But it is contended, and Mr. Justice Kekewich decided against the Plaintiff on this ground, that she had
competent advice, that of her brother, before she joined the sisterhood, and that she then formed the
resolution (as Mr. Nihill stated in his evidence) to give everything to the sisterhood, and that this
prevents the subsequent transfer being set aside. In my opinion, even if there were evidence that she had,
before she joined the sisterhood, advice on the question of how she should deal with her property, that
would not be sufficient.
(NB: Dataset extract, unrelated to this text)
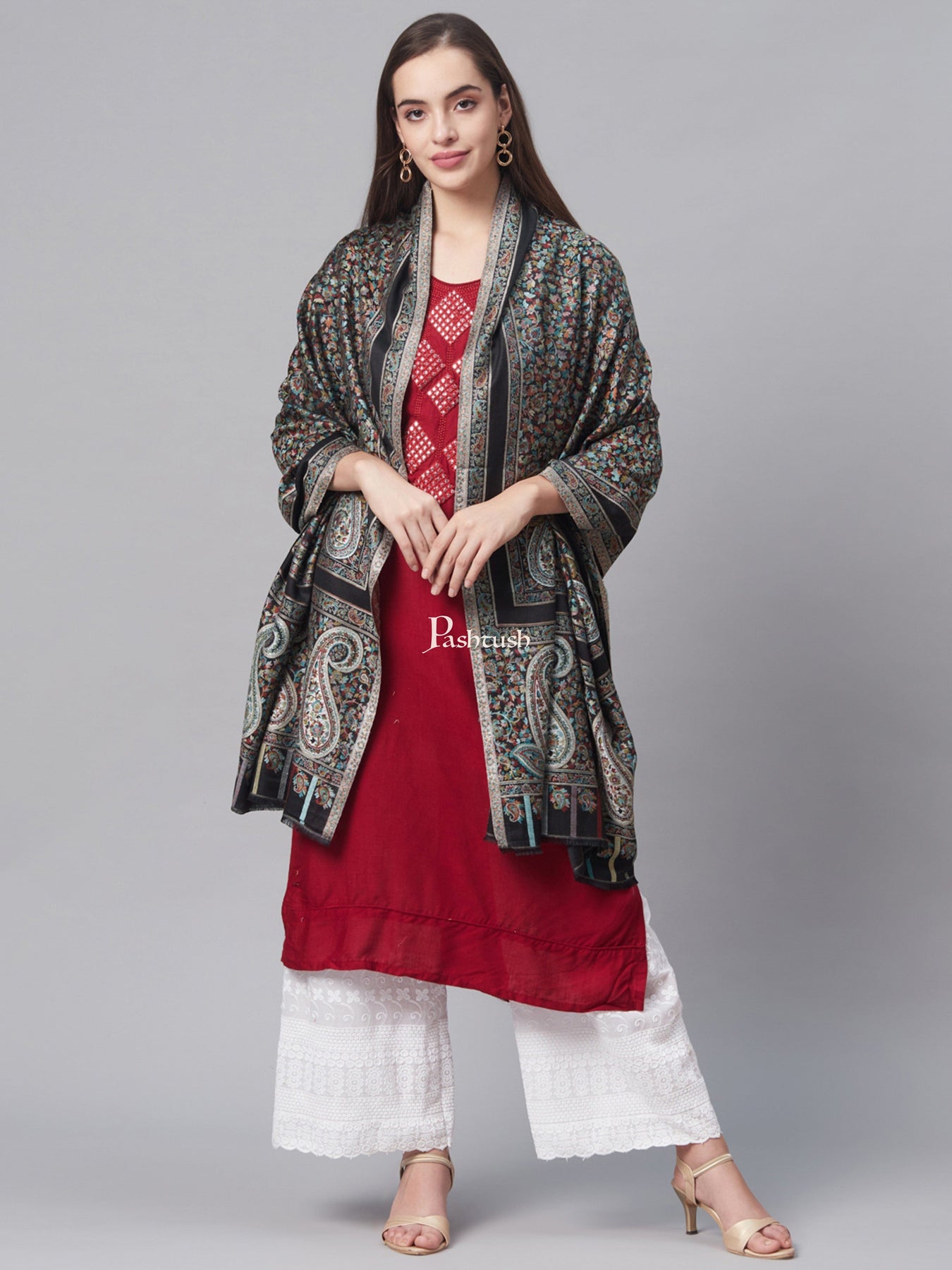 Pashtush Women'S Antique Scarf, Extra Soft Bamboo Stole, Black

The question is, I think, whether at the time when she executed the transfer she
was under such influences as to prevent the gift being considered as that of one free to determine what
should be done with her property. … In my opinion, when the Plaintiff left the sisterhood in 1879, she
was entitled to set aside the transfer, and to have re-transferred to her the fund still held by the
Defendant.”

▪ Presumed undue influence (under previous Class 2B classification)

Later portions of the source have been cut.